Caffarelli, however, was not to be caught in this clumsy trap. He knew how matters stood now, and showed his indignation. He wrote very courageously to Réal: "You will doubtless ask me, M. le Comte, why I have not tried to show up the truth? My answer is simple: it is publicly rumoured that the expedition of the gendarmes was ordered by M. the Senator Comte de P——, to whom were given the papers found on the murdered man, and who has gone to Paris, no doubt to transmit them to his Excellency the Minister of Police. Ought I not to respect the secret of theauthorities?"

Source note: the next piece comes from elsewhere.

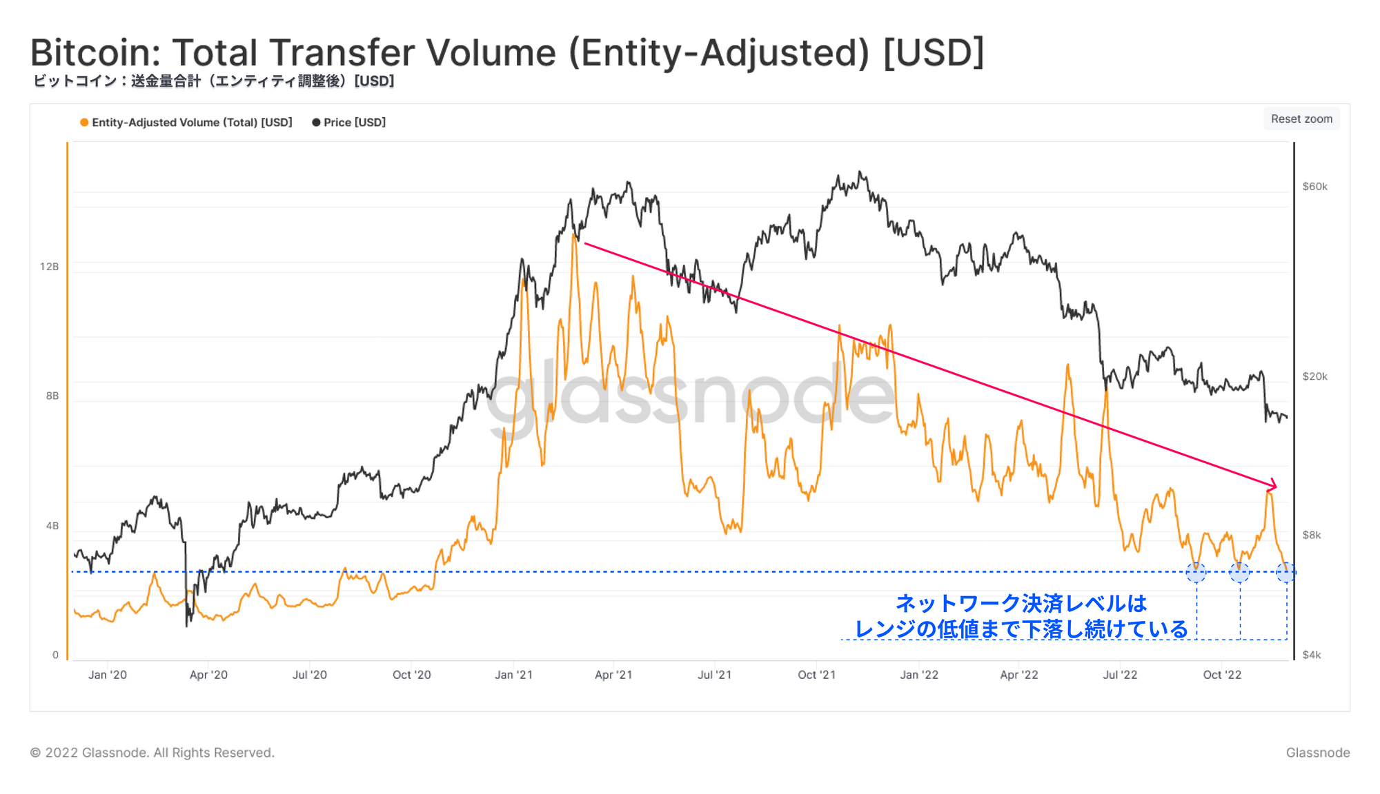 現在の決済量はサイクルの最低値を試しており、取引回数やユニークエンティティが改善しているにもかかわらず、送金のためのネットワークの利用が依然として乏しいことを示唆している。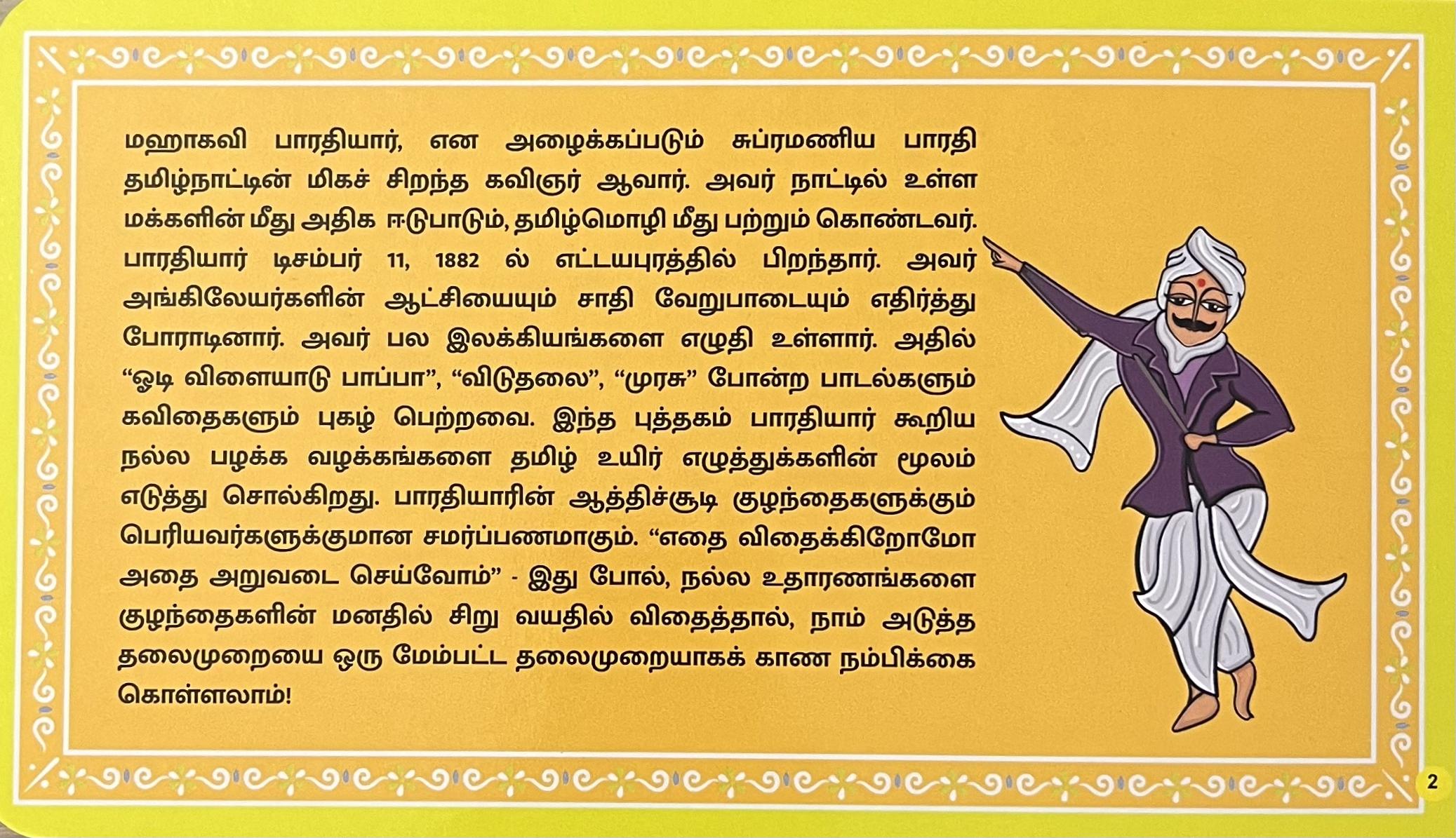 Bharathiyar Aathichudi is a children’s book that teaches important lessons about courage, unity, and doing the right thing through simple, powerful messages. Written by the great poet Mahakavi Bharathiyar, who believed in changing society for the better and empowering young people, this book is meant to inspire kids. Like Auvaiyar’s Aathichudi, it helps children learn important values they can use in their everyday lives.

And all that had occurred in his department for the two last years that it had not been considered advisable to tell him of, all the irregularities that in his desire for peace he had thought he should shut his eyes to, all the affronts that he had patiently endured, came back to his mind. He felt his heart swell with disgust at cowardly acts, dishonourable tools, and odious snares, and nobly explained his feelings:
"Certainly I am not jealous of executing severe measures and I should like never to have any of that kind to enforce. But I owe it to myself as well as to the dignity of my office not to remain prefect in name only, and if any motives whatever can destroy confidence in me to this point on important matters I must simply be told of it and I shall know how to resign without murmuring. It is not permissible to treat a man whose honesty and zeal cannot be mistaken, in the manner in which I have been treated for some time. I cannot conceal from you, M. le Comte, that I am keenly wounded at the measures that have been taken towards me. It has been thought better to put faith in people of tarnished and despicable reputation, the terror of families, than in a man who has only sought the good of the country he represented, and known no other ambition than that of acting wisely."